┌──

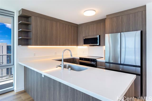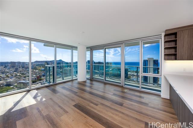the park on keeaumoku is honolulu's newest high-rise destination, just completed in q4 2025. this high-floor, front-corner 2-bedroom, 2-bath residence situated on the 43rd floor of the rycroft tower enjoys stunning diamond head, pacific ocean, and urban honolulu views from the main living areas, wrap-around lanai, and both bedrooms. features include a contemporary kitchen with quartz countertops, stainless appliances, and built-in bar seating, luxury vinyl plank flooring, modern fixtures, plus a primary bedroom with a walk-in closet and double-vanity ensuite bath. enjoy on-site resort amenities including an infinity-edge pool and hot tub, ample pool seating and cabanas, multiple open and covered barbecue pavilions, an exercise gym, yoga studio, meeting room, movie theater, co-working space, and much more. exceptional island living meets unforgettable views - welcome home to the park on keeaumoku #4319r. listing includes enhanced, virtually staged photos. -
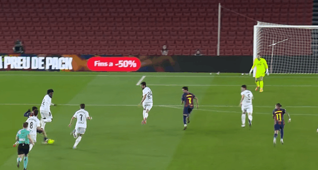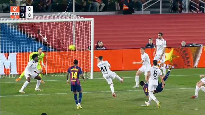 超七成的控球率,促使巴萨全面围攻奥萨苏纳的禁区,但是面对密集的防守,屡次进攻接连被挡出。第40分钟,亚马尔晃开三人的防守,将球送入禁区,面对大好的机会,费兰托雷斯倒钩遗憾偏出球门。半场比赛结束,两队都没有取得进球。整个上半场,比赛几乎完全呈现一边倒,客场作战的奥萨苏纳只有在开场的几分钟,阵型相对激进。随后“541”的站位全面回防,三条线的距离非常小,禁区附近组成了密集的阵型,不给巴萨渗透的机会。而巴塞罗那虽然拥有超高的控球率,但是用尽了各种办法,底线传中、45度传中、中路渗透、远射,包括个人能力的突破,尝试打开突破口,但是一次次的尝试均无功而返。大量的传中,由于禁区人数不占优,加上身高也处于劣势,因此很难得到绝对的攻门机会。
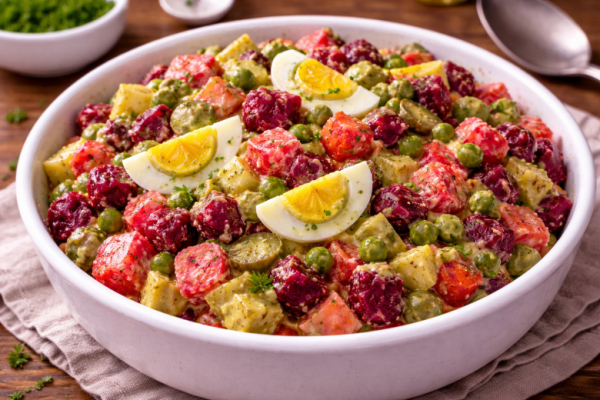 Обычный винегрет иногда просто надоедает, и хочется чего-то чуть более мягкого и насыщенного по вкусу. Я начала добавлять яйца и делать заправку из авокадо — и салат заиграл по-другому. Все те же привычные продукты, но текстура стала нежнее, а вкус — более собранным.
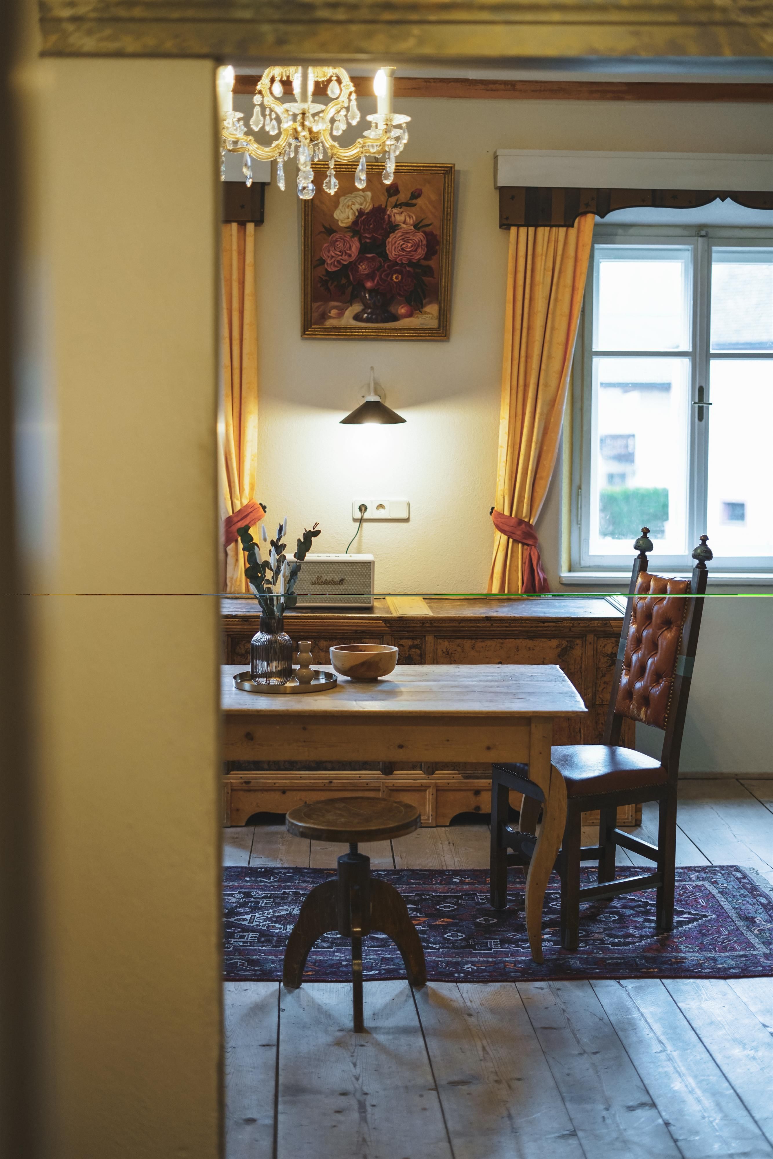 Protected ancient edifice, renovated in Tyrolean style. Apartments can be kooked with breakfast as well. Popular restaurant with Tyrolean parlur and Knights´ Room.
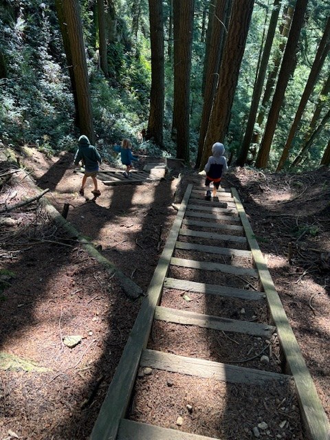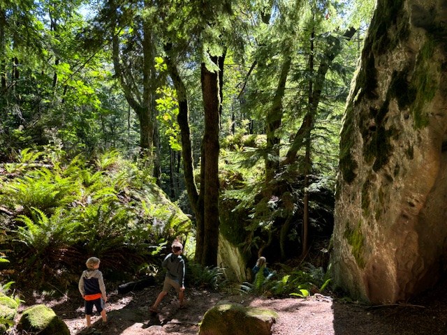 We parked at the Cyrus Overlook Parking lot and hiked down rock trail. We counted 218 steps on the way down. A few trees starting to yellow, but mostly you are in luscious, green forest with lots of moss. We love rocks. Any trail with rocks is amazing. Boy did we find some amazing rocks to climb and look at. The rock features here are the highlight of the trail. Take your time in this area so you can really enjoy their stunning beauty. The trail has one tree down towards the bottom of rock trail and few areas where the ferns and grasses are encroaching the trail. Overall in great shape! Once we finished rock trail, we hiked over to Lost Lake. I see why it is “lost lake.” My littlest asked if we were lost because there was no lake. We were also the first on the spur trail to Lost Lake, so we encountered all the spider webs. We eventually found the rock overlook of the lake and did some water coloring and had lunch. We also thought we heard other hikers but it turned out to be our echos. This was fun for the kids to hear. We only saw 1 hiker and 2 horseback riders the entire 2.5 hours we were there. Came back the way we came down and while it seemed like it would super hard, the mix of stairs and flats were nice. Much easier than a straight up. I highly recommend rock trail. I think the other lakes near Larrabee are better lakes to visit than Lost Lake. Next time we’ll probably include Fragrance Lake in our trek instead of rock trail.
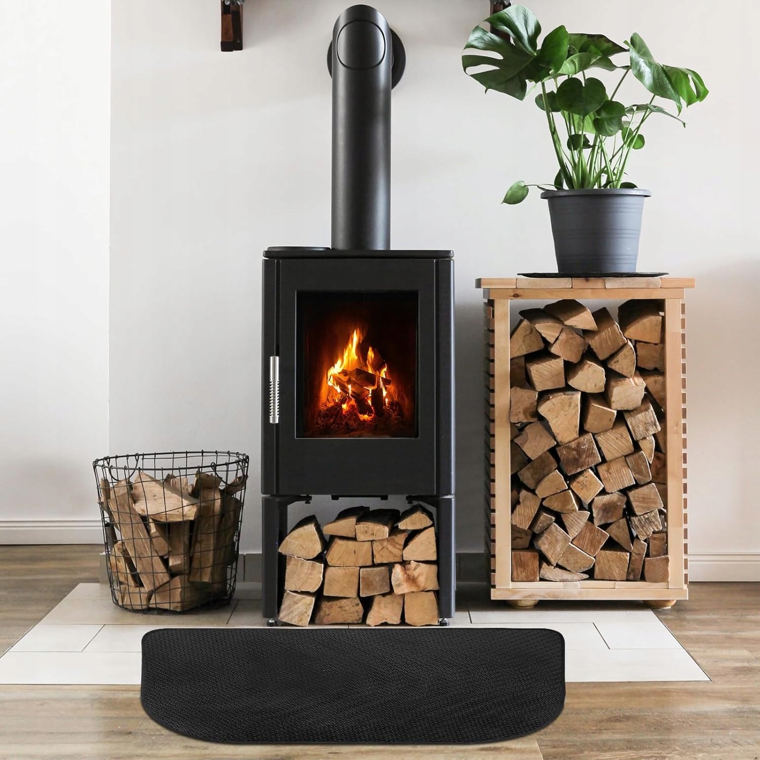 ПОЛУКРУГЛАЯ НАПОЛЬНАЯ ПЛИТА ДЛЯ КАМИНА, КОВР ОГНЕУСТОЙЧИВЫЙ ЗАЩИТНЫЙ, ЧЕРНЫЙ
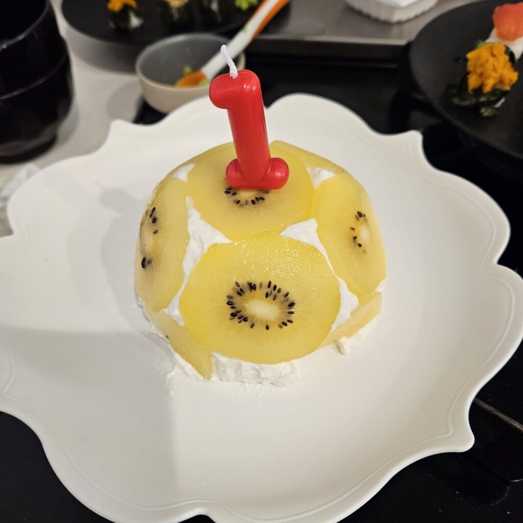 まだ大人用のケーキを食べることが出来なかったので、2人用にヨーグルトで作ったスマッシュケーキを用意しました。
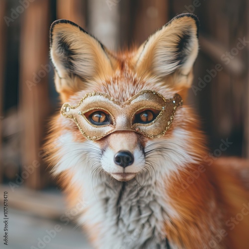 © Mary_muis/stoker ua, Fototapeta premium fox wearing an elegant gold mask, adding a touch of fantasy and charm to the scene, set against a rustic backdrop
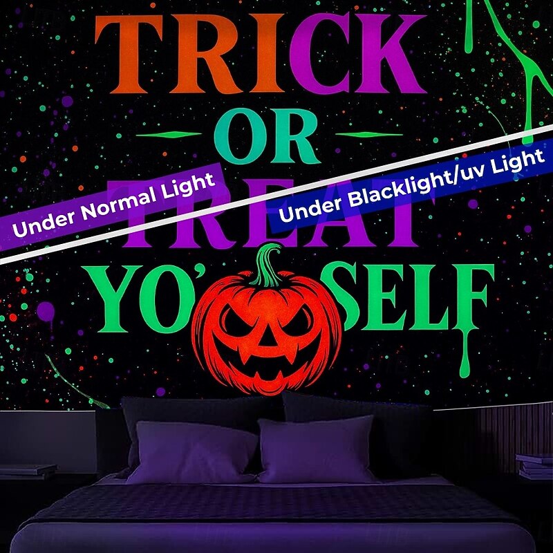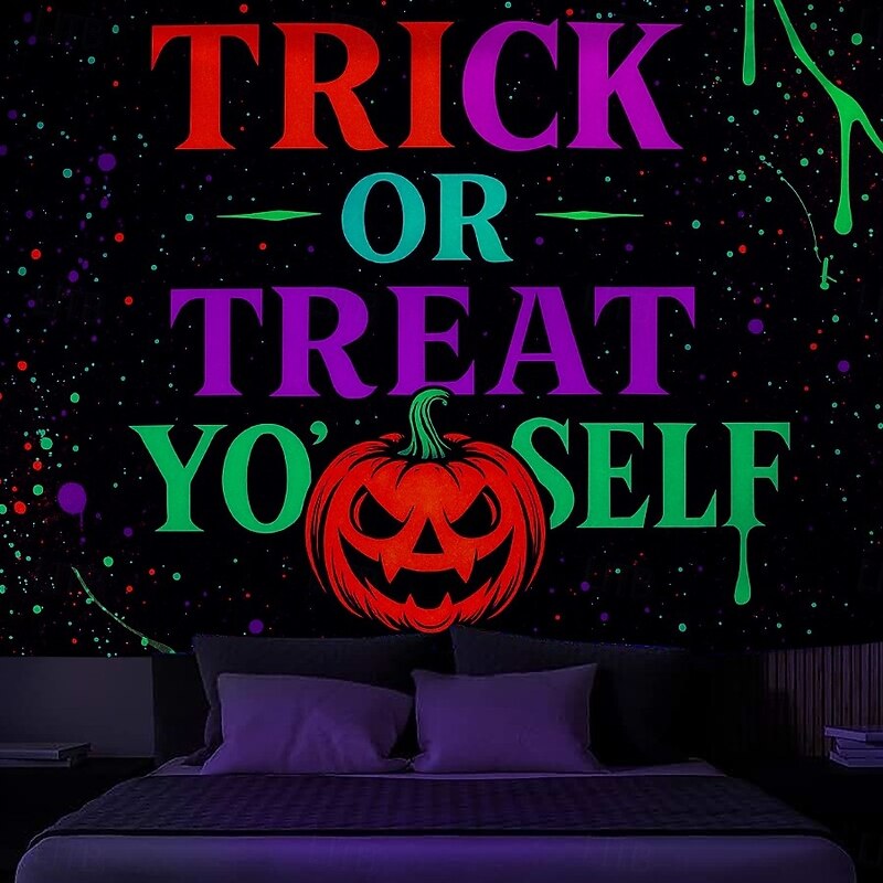 $13.99 - Halloween Blacklight Wall Tapestry – UV Reactive Witch , 'Ghouls Just Wanna Have Fun' Quote, Neon Colors Spooky Scene, Glow in the Dark Gothic Wall Hanging for 2025 Halloween Decoration 2025. Shop for cheap Halloween Wall Tapestries online? Buy at lightinthebox.com on sale today!
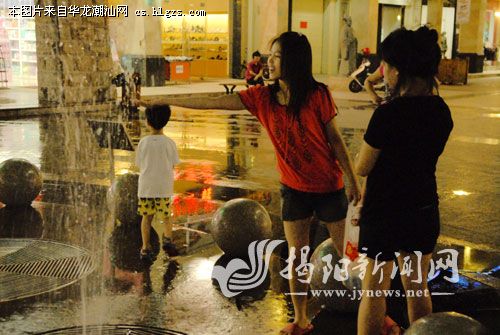 夏夜的街头喷泉旁,成为市民避暑的好去处。
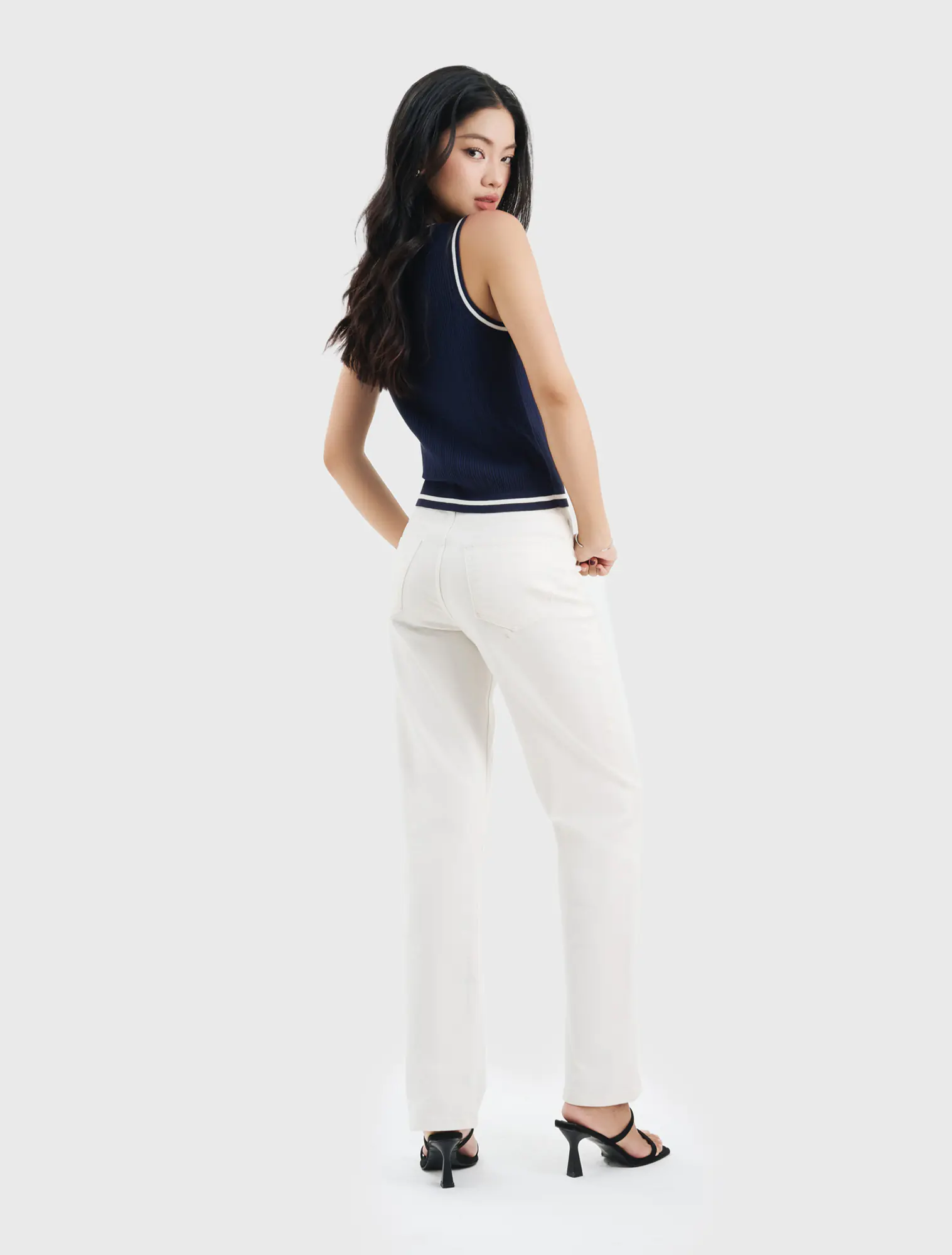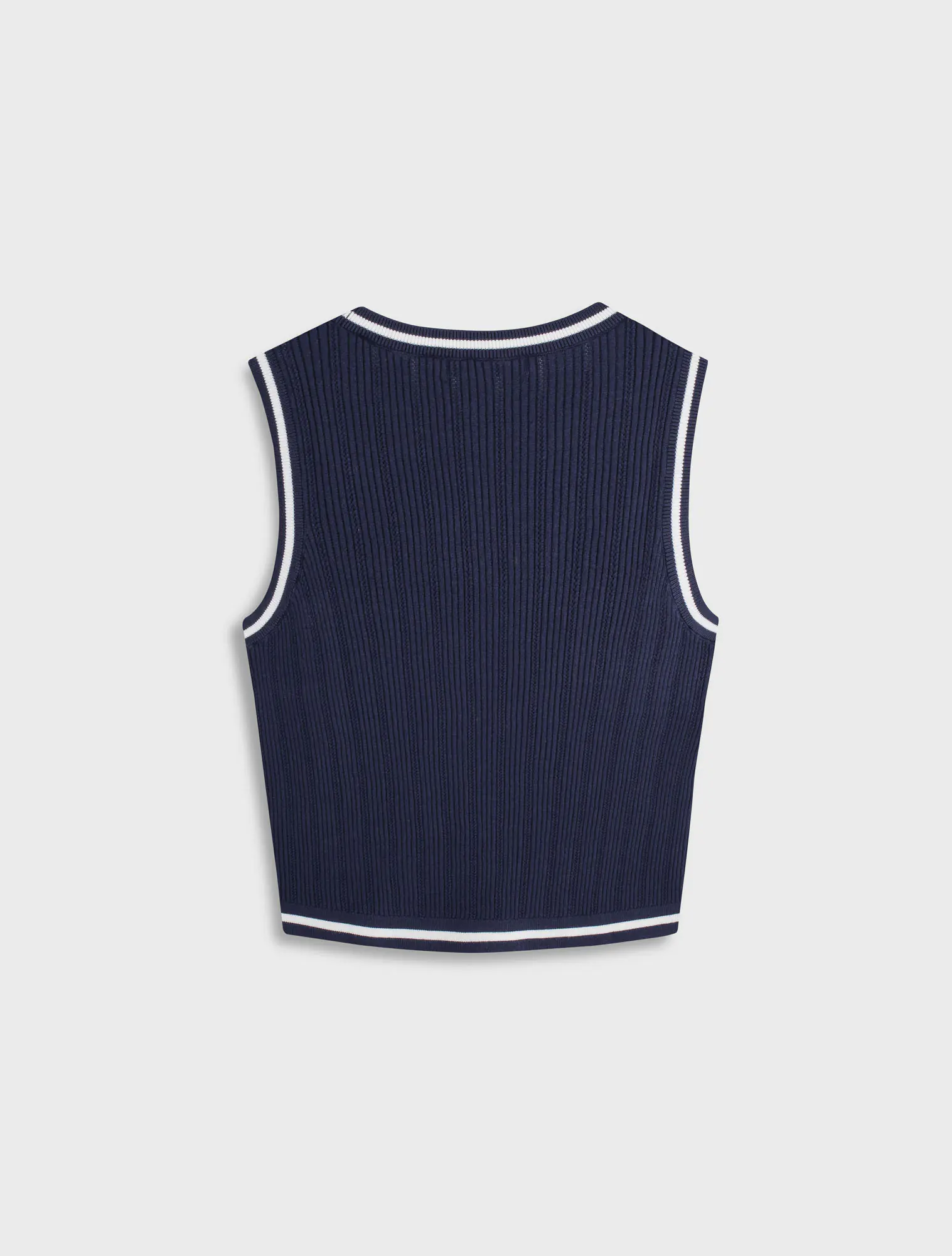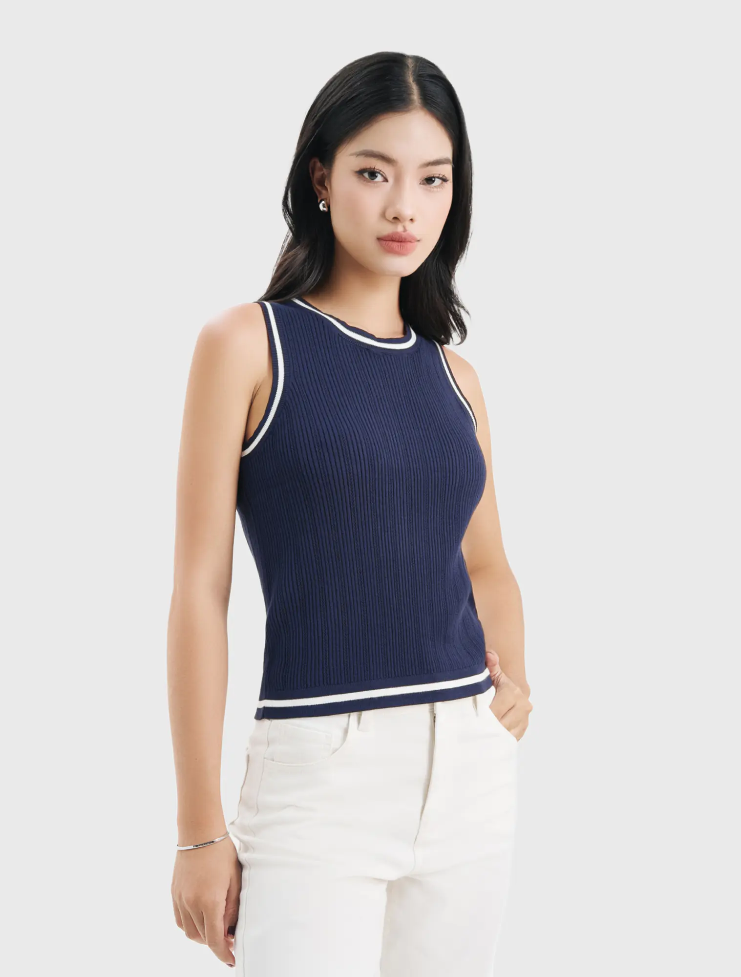 Áo len nữ sát nách, dáng áo rộng vừa, phối màu, chất liệu mềm mại, thoải mái, hoàn cảnh sử dụng linh hoạt.

└──

Print the line above containing "Обычный винегрет иногда", the line containing "Protected ancient edifice, renovated", and everything between them, exactly as written. Pictures stay out.

 Обычный винегрет иногда просто надоедает, и хочется чего-то чуть более мягкого и насыщенного по вкусу. Я начала добавлять яйца и делать заправку из авокадо — и салат заиграл по-другому. Все те же привычные продукты, но текстура стала нежнее, а вкус — более собранным.
 Protected ancient edifice, renovated in Tyrolean style. Apartments can be kooked with breakfast as well. Popular restaurant with Tyrolean parlur and Knights´ Room.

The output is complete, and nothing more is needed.